There laid my little boy... sleeply soundly... in his sister's pink dance leotard, pink lace tu-tu and pink satin ballet slippers.
Sigh.
What is wrong with this kid? LMAO.
Some random fun pictures of Nate that I had to share. The first one is from two easters ago. He passed out in the middle of dinner. Hunting eggs is hard work!
The second one is from this past Christmas, I found this racecar for him on craigslist... like new and the pride and joy of a Gordan fan.
And then the final one, during the races here in Texas - my stepdad is a huge Gordan fan and has recruited Nate into the excitement.
Ha... This was totally Jenna's idea, and Nate cooperated (probably just excited his sister is being NICE to him for once). I laughed my mommy-ass off when they came into my room, Jenna following a blond-wigged Nate, calling him "Natalie" and saying "Mommy... I always wanted a SISTER!"

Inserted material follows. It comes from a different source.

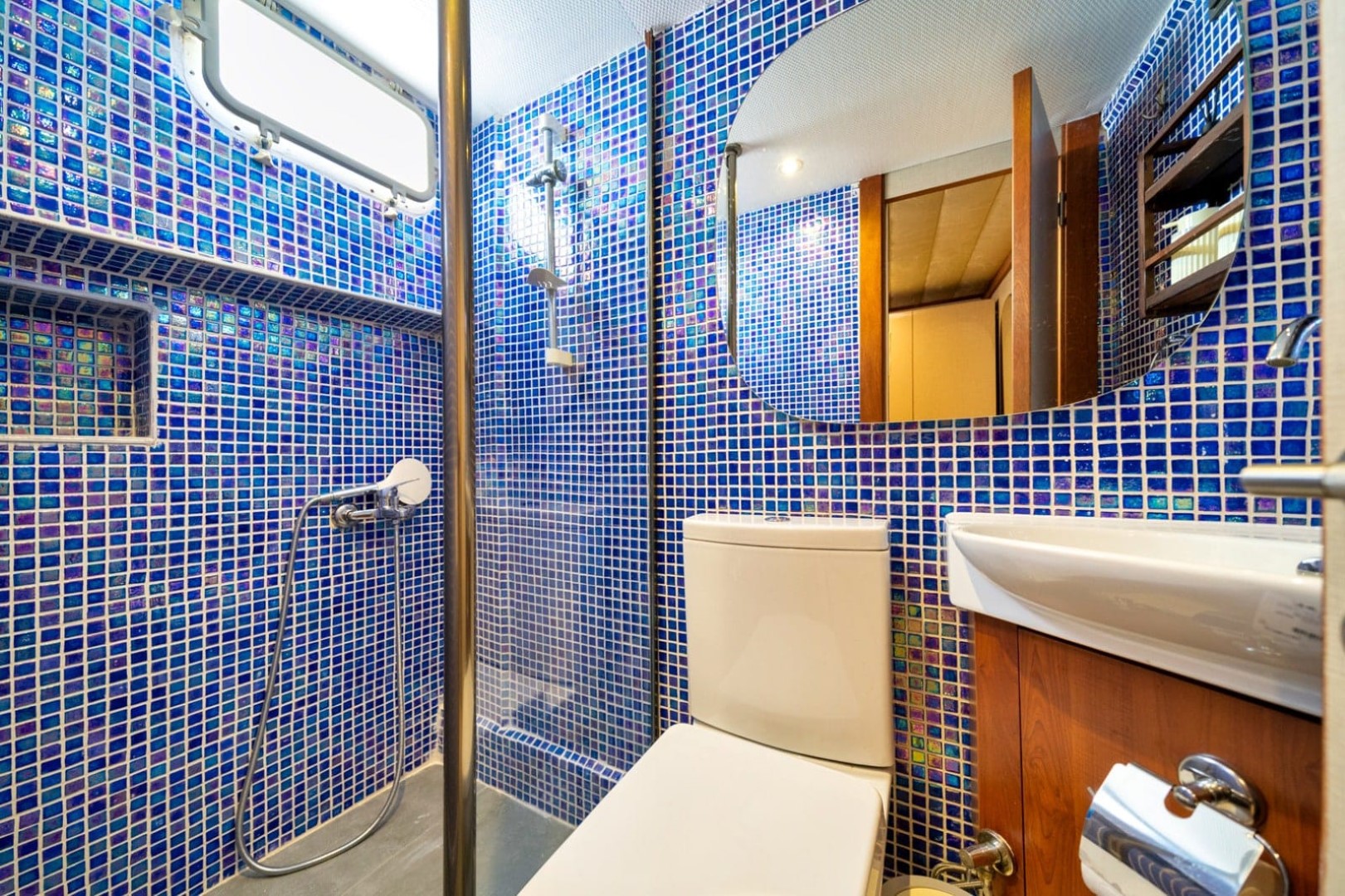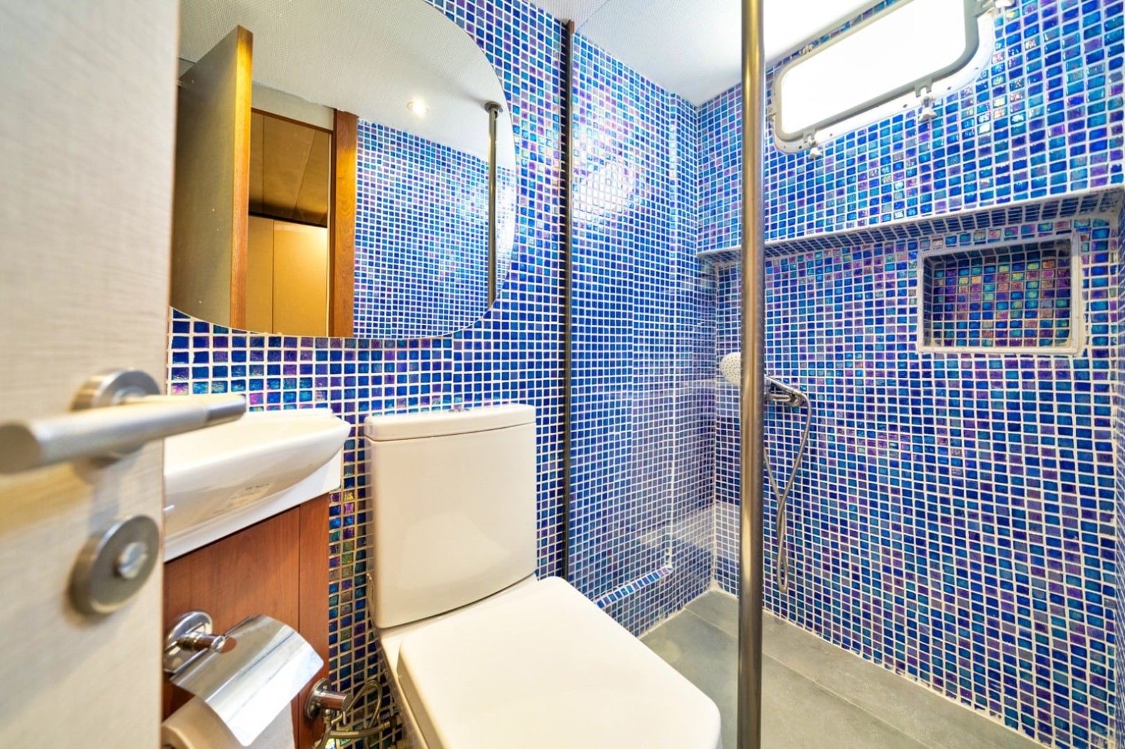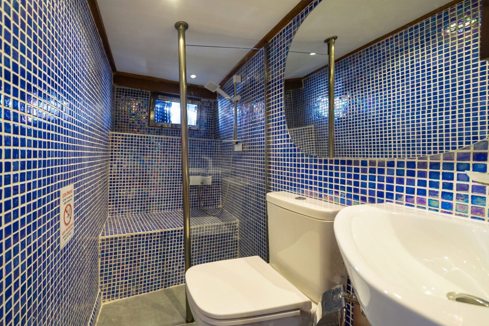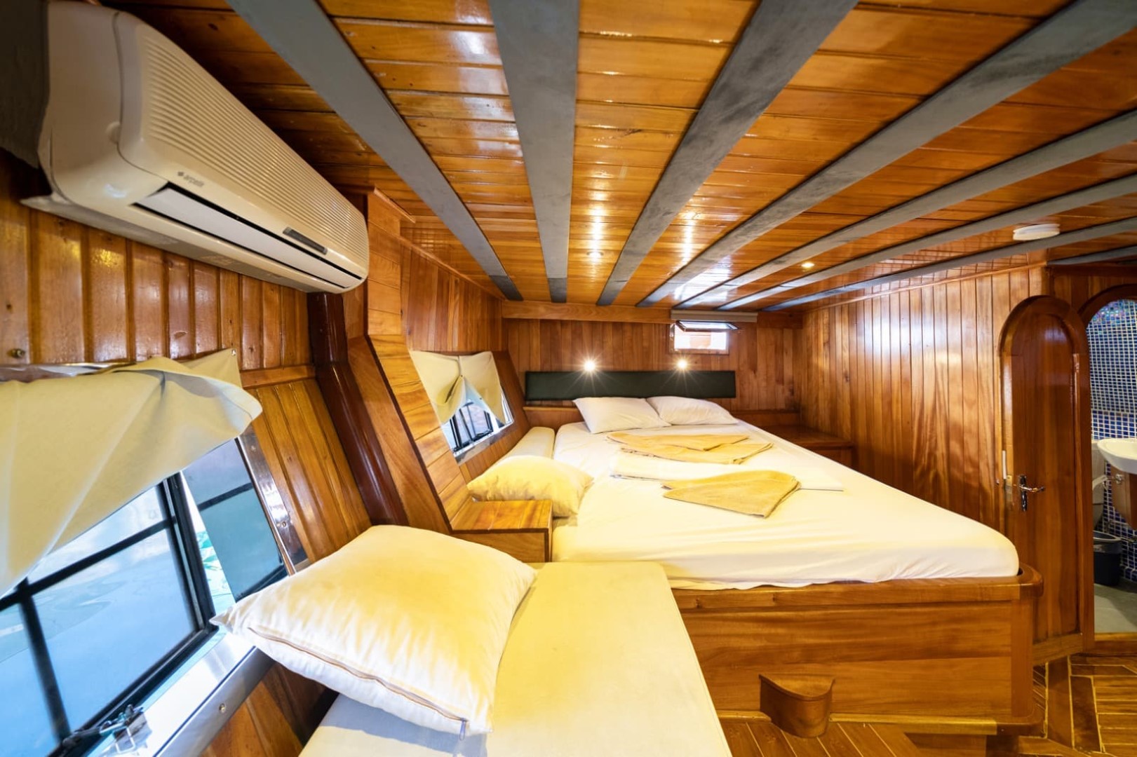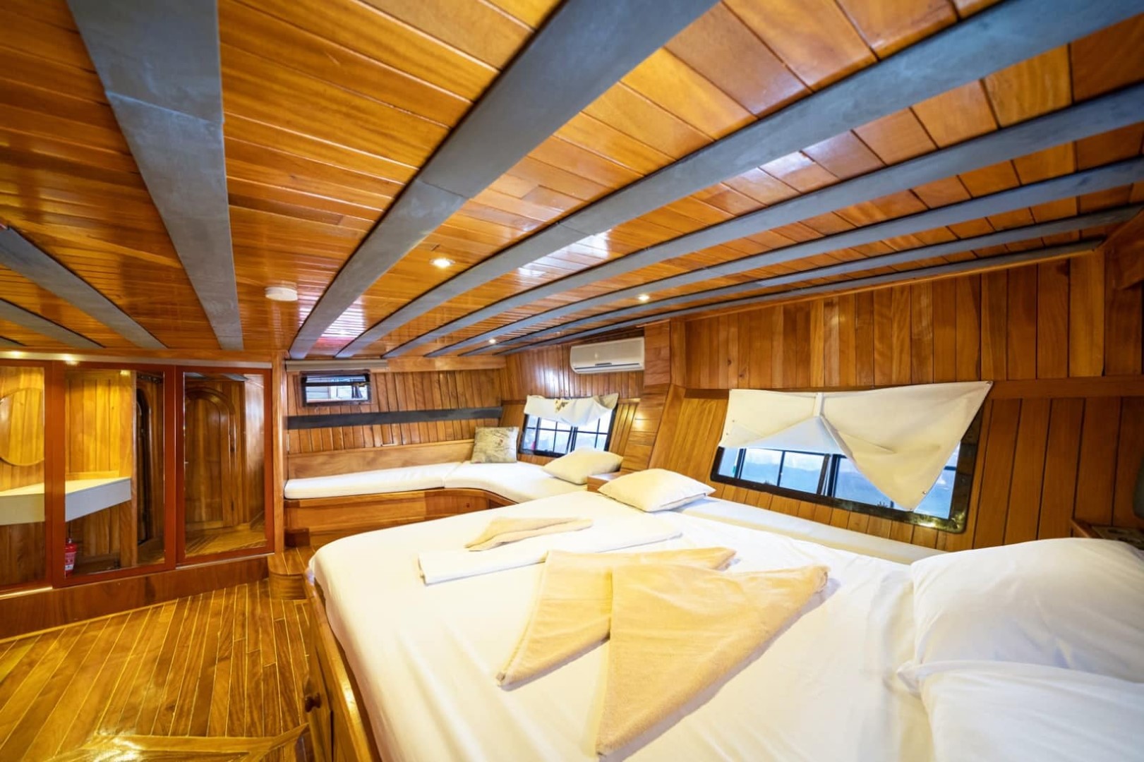 Gulet Serenidad; 1 Master Kabin, 5 Double Kabin olmak üzere toplam 6 kabini mevcuttur. Kabinlerin her birinde kendine ait duş, WC ve

I'll let the pictures tell the rest of the story. God I love blackmail pictures. Ha.
Show us a holiday memory.
For this Vox Hunt I dug through 3 years of Shutterfly albums to find these pictures from happier days when the kids were really little and I was still married. It's almost hard to look at these and realize that all the hopes and dreams I had back then have all been flushed down the proverbial toilet. However, I got the best things out of these memories... my babies...
Per my holiday traditions blog a few days ago... we checked one off the list... Christmas Cookie Decorating. My sisters didn't get involved this year, too busy with their lives these days... but the kids and my mom and I had a blast. I love passing on a tradition like this to my kids.